Charlot s’étant retourné, se trouva nez à nez avec un personnage sorti du sous-sol de l’île qu’il croyait déserte, Cet énergumène portait une casquette et une vareuse de marin copieusement galonnées. « Que fais-tu chez moi ? rugit-il. — Ben… vous le voyez… je me promène ! balbutia Charlot, plu- tôt désemparé, — Ah ! tu te promènes ? Ne sais-tu pas que cette île m’appartient ? — Première nouvelle ! — Personne ne peut m’en contester la propriété puisque je puis, à volonté, la faire sortir des flots ou l’y précipiter, et la transporter d’un hémisphère à l’autre. Simple question d’essence, d’ailleurs ! »… « Ah ! ah ! pensa Charlot aussitôt, cette question d’essence m’intéresse également ! » Car il avait enfin vu où il se trouvait. En zinc, le palmier et le figuier de Barbarie ! En acier, le sol de cette île, ou plutôt de ce sous-marin ! Un sous-marin avait émergé des flots juste pour le secourir.
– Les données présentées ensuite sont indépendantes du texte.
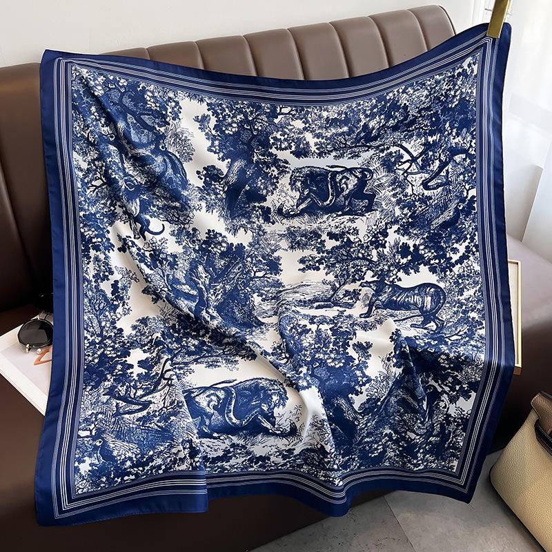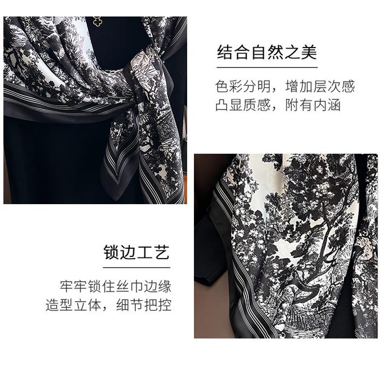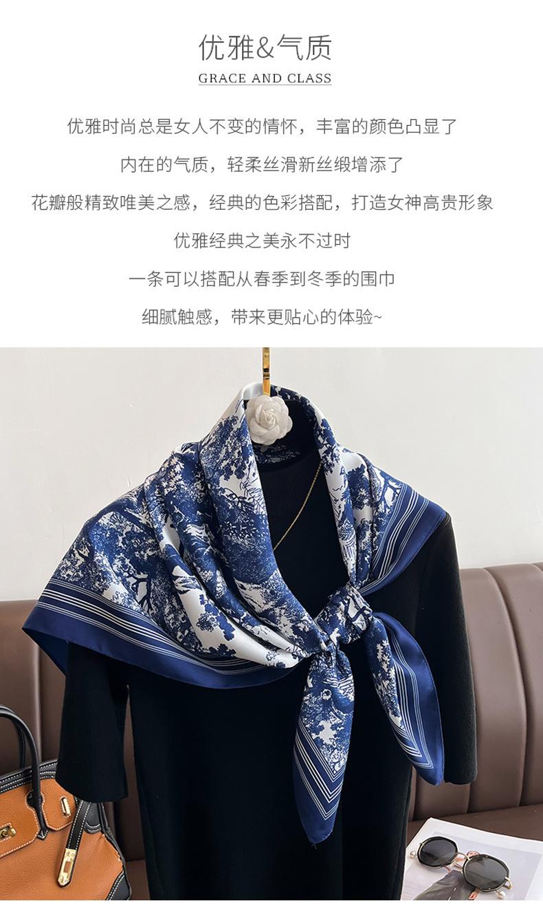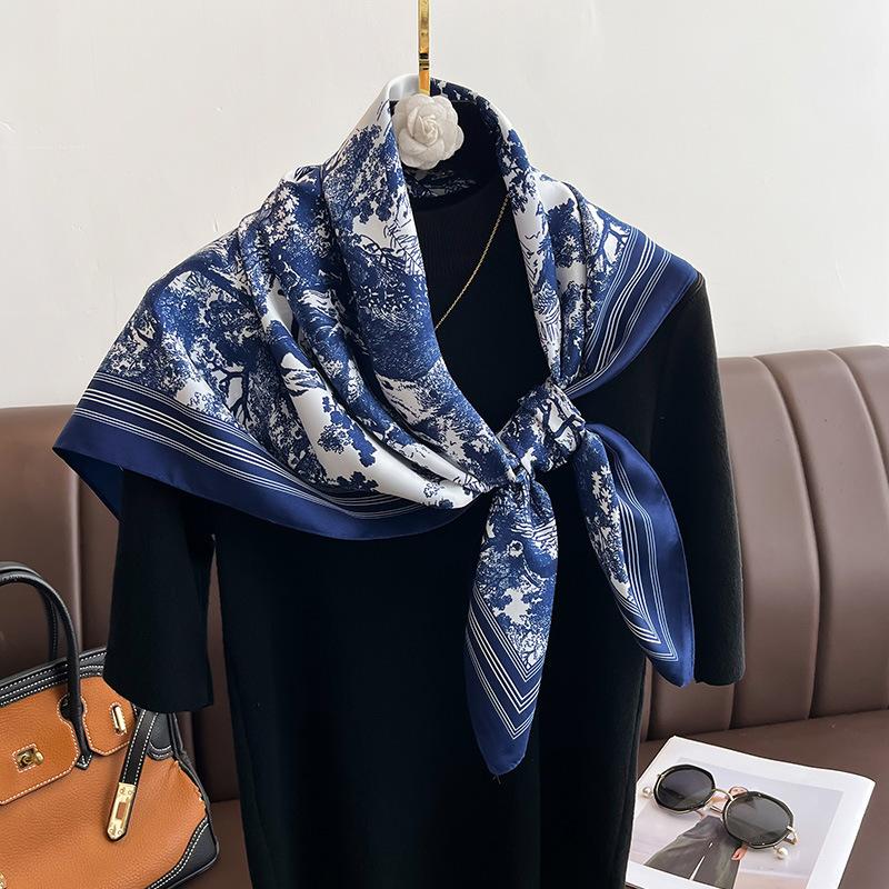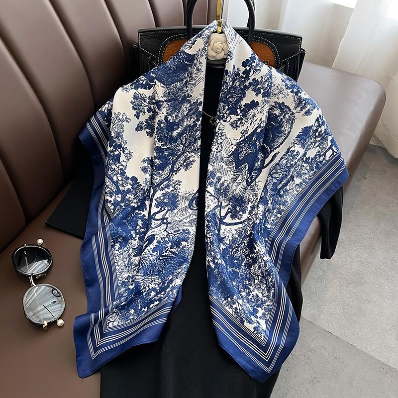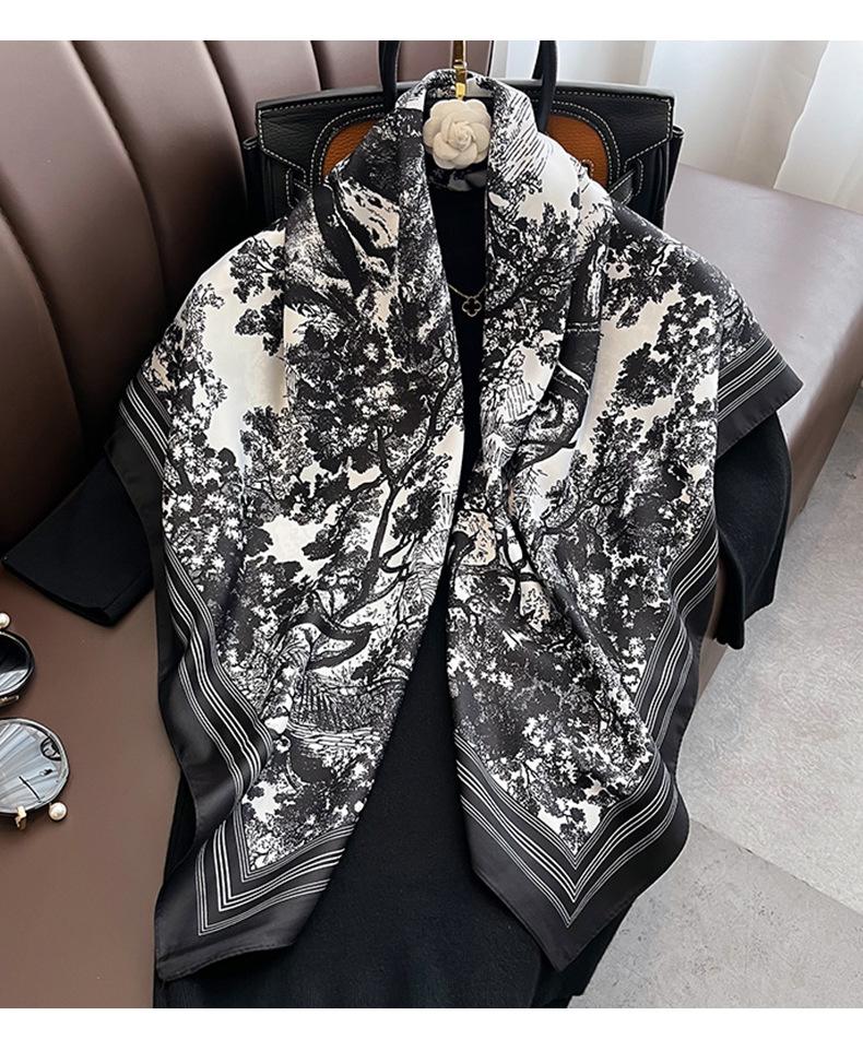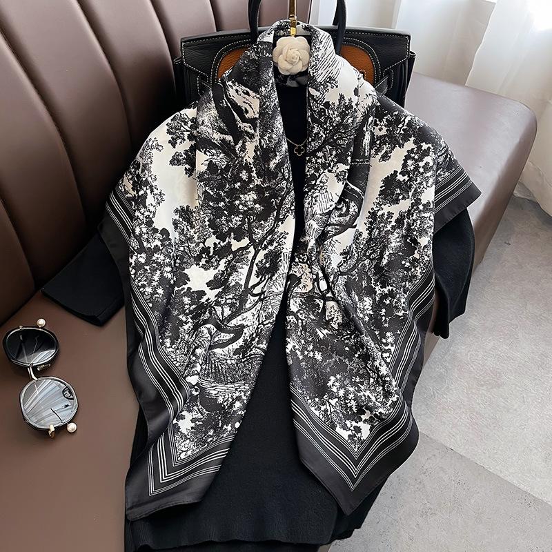 Bufanda cuadrada grande con estampado vintage de primavera y verano para exteriores, chal protector solar, bufanda de seda de alta calidad, bufanda fina y cálida para mujer
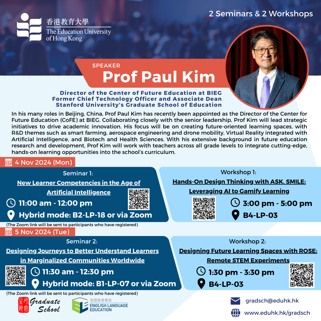 [4 Nov & 5 Nov] Two Seminars and Two Workshops (Professor Paul Kim)
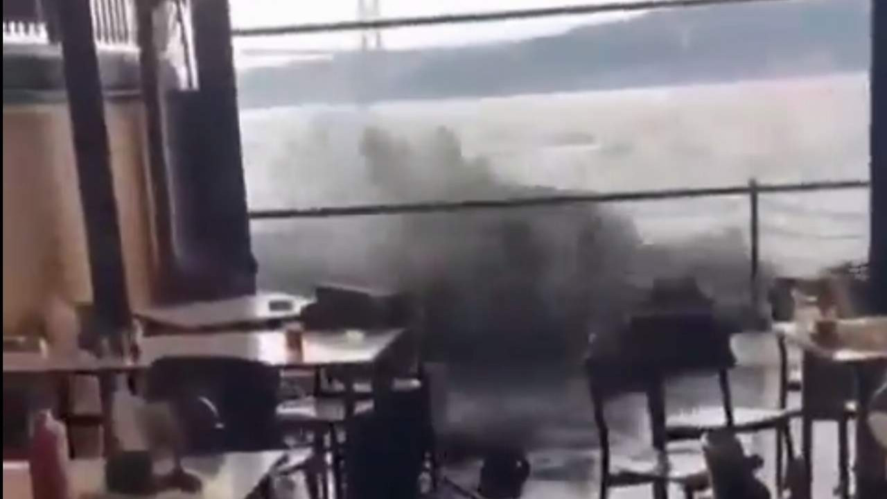 Süperhaber'de yer alan habere göre, tıklım tıklım çay bahçesinde oturan vatandaşlar büyük korku ve panikle dalgalardan kaçmaya çalıştı.

Hasard heureux ? Peut-être ! Au coup de sifflet du marin galonné, trois matelots sortirent de la coque et bondirent sur Charlot que leur désignait le maître du bord :

« Emparez-vous de cet homme et jetez-le à fond de cale ! ordonna celui-ci. Il pourra ainsi méditer à loisir sur le sort qui attend les mortels assez audacieux pour venir troubler la solitude d’un homme aigri qui a renoncé à la société des humains. — Cause toujours ! murmura joyeusement Charlot en arrivant à fond de cale, un peu brutalement. Il constatait qu’une pompe à essence se trouvait là, munie d’un très long tuyau de caoutchouc. « Veine ! s’écria-t-il, je tombe sur ce que je cherche ! » L’arrivée des trois matelots lui conseilla la prudence. Voyant qu’il avait affaire à des brutes, il leur demanda d’abord s’ils venaient pour le garder. Sur leur réponse affirmative, il leur proposa ceci : « Il y a dans la carlingue de mon avion une bouteille de vieux rhum. Quand votre patron fera la sieste, allez la chercher, nous la boirons ensemble.